— WHAT IS BEING ASKED —
Only the lines below from the one containing "于是朋友打算推出特价团购来引" through the one containing "Watercolor Fireplace Decorated" belong in the answer, set down exactly, with the pictures left out.

— DATASET EXCERPTS —
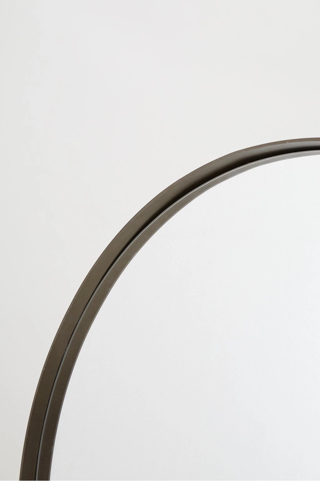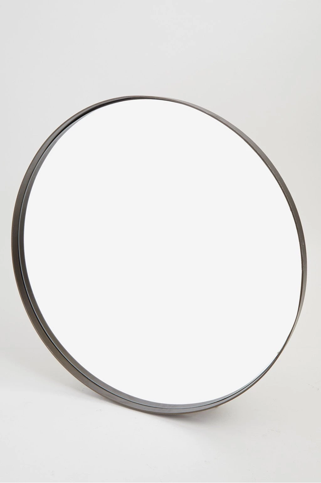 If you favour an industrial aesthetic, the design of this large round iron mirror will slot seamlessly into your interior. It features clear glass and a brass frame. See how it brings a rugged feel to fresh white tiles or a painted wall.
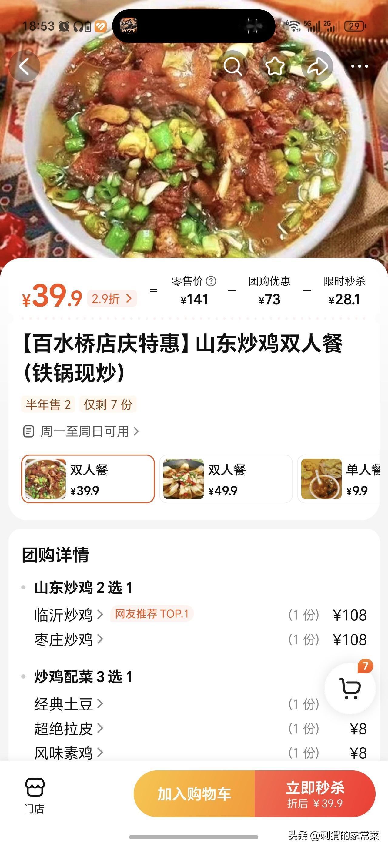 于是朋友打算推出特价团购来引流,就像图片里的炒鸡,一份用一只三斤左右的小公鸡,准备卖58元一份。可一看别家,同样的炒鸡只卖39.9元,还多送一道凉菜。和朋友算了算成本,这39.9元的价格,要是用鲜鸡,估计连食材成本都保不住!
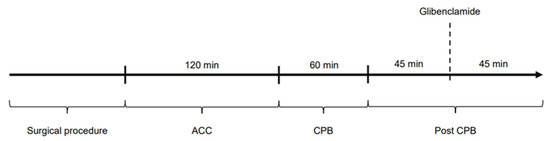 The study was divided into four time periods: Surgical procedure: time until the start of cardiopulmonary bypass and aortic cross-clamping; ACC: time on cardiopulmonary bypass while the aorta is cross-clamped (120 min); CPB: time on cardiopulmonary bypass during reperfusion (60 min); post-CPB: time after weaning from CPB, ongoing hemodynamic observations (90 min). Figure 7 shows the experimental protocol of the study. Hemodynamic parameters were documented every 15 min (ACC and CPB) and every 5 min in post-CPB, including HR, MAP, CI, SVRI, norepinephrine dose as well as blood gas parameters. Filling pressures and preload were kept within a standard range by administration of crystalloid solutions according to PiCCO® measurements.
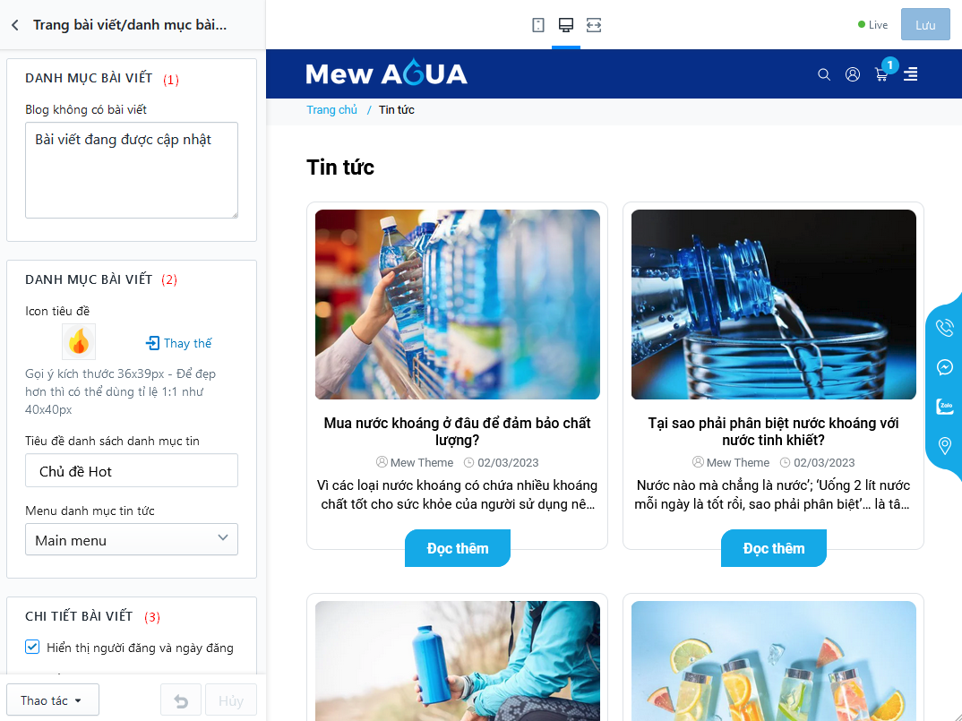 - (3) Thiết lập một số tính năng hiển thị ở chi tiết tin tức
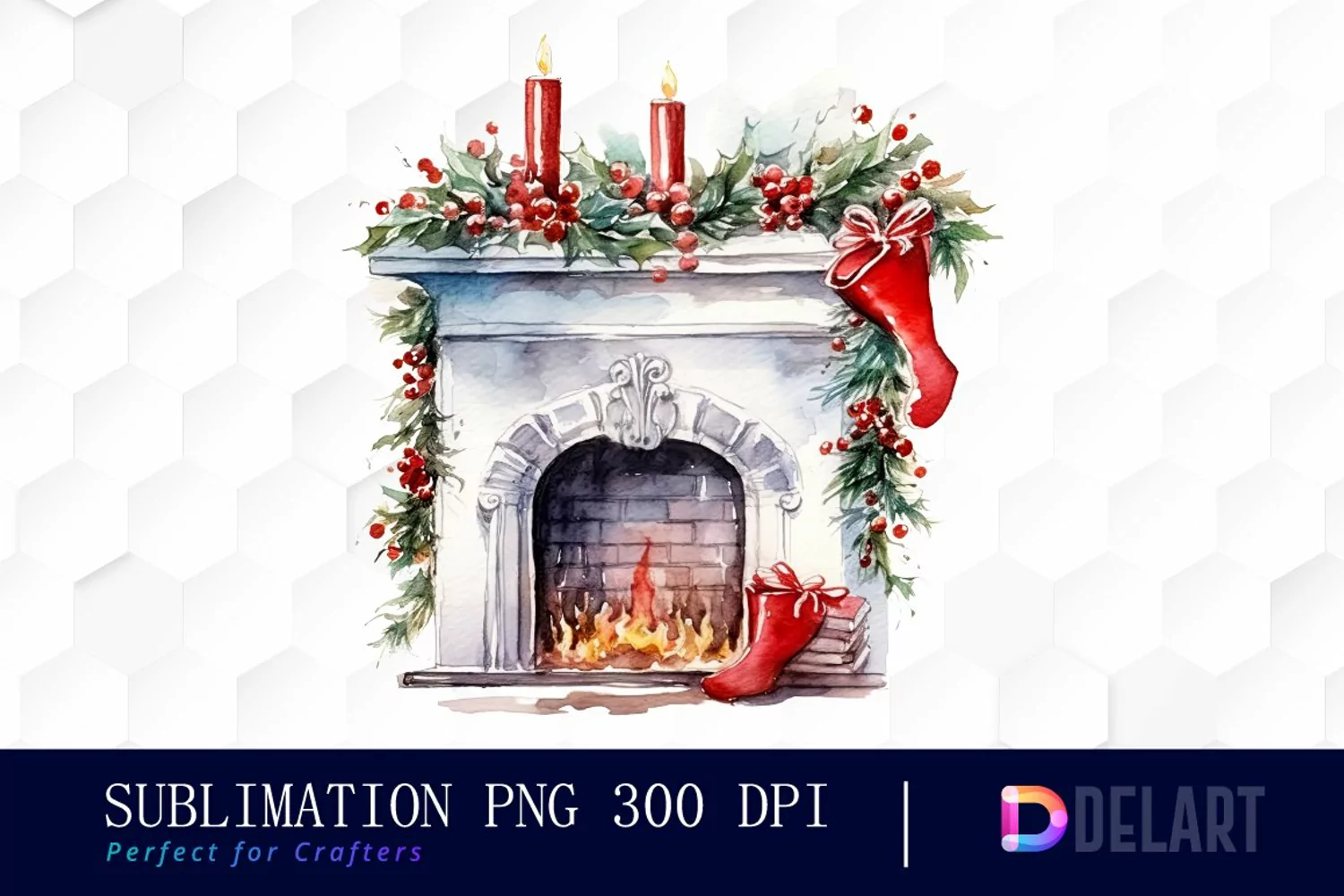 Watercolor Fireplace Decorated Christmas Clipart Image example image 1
...
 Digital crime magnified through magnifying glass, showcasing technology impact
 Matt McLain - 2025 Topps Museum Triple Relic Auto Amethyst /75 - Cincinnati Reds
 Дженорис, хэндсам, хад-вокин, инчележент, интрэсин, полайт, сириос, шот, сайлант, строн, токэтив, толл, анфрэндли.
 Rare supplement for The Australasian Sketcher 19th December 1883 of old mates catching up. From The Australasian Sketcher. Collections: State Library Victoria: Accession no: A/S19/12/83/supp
--
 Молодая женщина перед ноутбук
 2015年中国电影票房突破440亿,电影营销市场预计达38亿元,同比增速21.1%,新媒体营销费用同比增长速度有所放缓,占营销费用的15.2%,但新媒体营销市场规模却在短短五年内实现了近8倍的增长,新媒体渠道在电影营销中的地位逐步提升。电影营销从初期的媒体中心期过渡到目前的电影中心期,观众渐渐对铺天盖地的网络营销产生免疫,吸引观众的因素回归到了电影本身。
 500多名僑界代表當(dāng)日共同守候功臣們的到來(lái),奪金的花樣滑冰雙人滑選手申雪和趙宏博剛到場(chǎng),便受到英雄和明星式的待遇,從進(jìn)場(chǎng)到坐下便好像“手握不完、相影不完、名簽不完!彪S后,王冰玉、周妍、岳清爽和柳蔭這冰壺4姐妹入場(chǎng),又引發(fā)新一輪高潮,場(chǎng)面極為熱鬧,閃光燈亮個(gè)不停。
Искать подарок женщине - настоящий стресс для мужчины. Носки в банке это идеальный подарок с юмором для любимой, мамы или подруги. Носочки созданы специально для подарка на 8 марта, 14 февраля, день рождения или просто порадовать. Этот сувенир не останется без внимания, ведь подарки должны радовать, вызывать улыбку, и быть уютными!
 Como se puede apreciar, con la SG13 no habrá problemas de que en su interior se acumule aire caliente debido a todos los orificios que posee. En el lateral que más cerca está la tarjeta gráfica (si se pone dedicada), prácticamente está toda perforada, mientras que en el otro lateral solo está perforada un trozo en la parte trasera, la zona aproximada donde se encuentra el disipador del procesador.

— COMPLETED TASK —
 于是朋友打算推出特价团购来引流,就像图片里的炒鸡,一份用一只三斤左右的小公鸡,准备卖58元一份。可一看别家,同样的炒鸡只卖39.9元,还多送一道凉菜。和朋友算了算成本,这39.9元的价格,要是用鲜鸡,估计连食材成本都保不住!
 The study was divided into four time periods: Surgical procedure: time until the start of cardiopulmonary bypass and aortic cross-clamping; ACC: time on cardiopulmonary bypass while the aorta is cross-clamped (120 min); CPB: time on cardiopulmonary bypass during reperfusion (60 min); post-CPB: time after weaning from CPB, ongoing hemodynamic observations (90 min). Figure 7 shows the experimental protocol of the study. Hemodynamic parameters were documented every 15 min (ACC and CPB) and every 5 min in post-CPB, including HR, MAP, CI, SVRI, norepinephrine dose as well as blood gas parameters. Filling pressures and preload were kept within a standard range by administration of crystalloid solutions according to PiCCO® measurements.
 - (3) Thiết lập một số tính năng hiển thị ở chi tiết tin tức
 Watercolor Fireplace Decorated Christmas Clipart Image example image 1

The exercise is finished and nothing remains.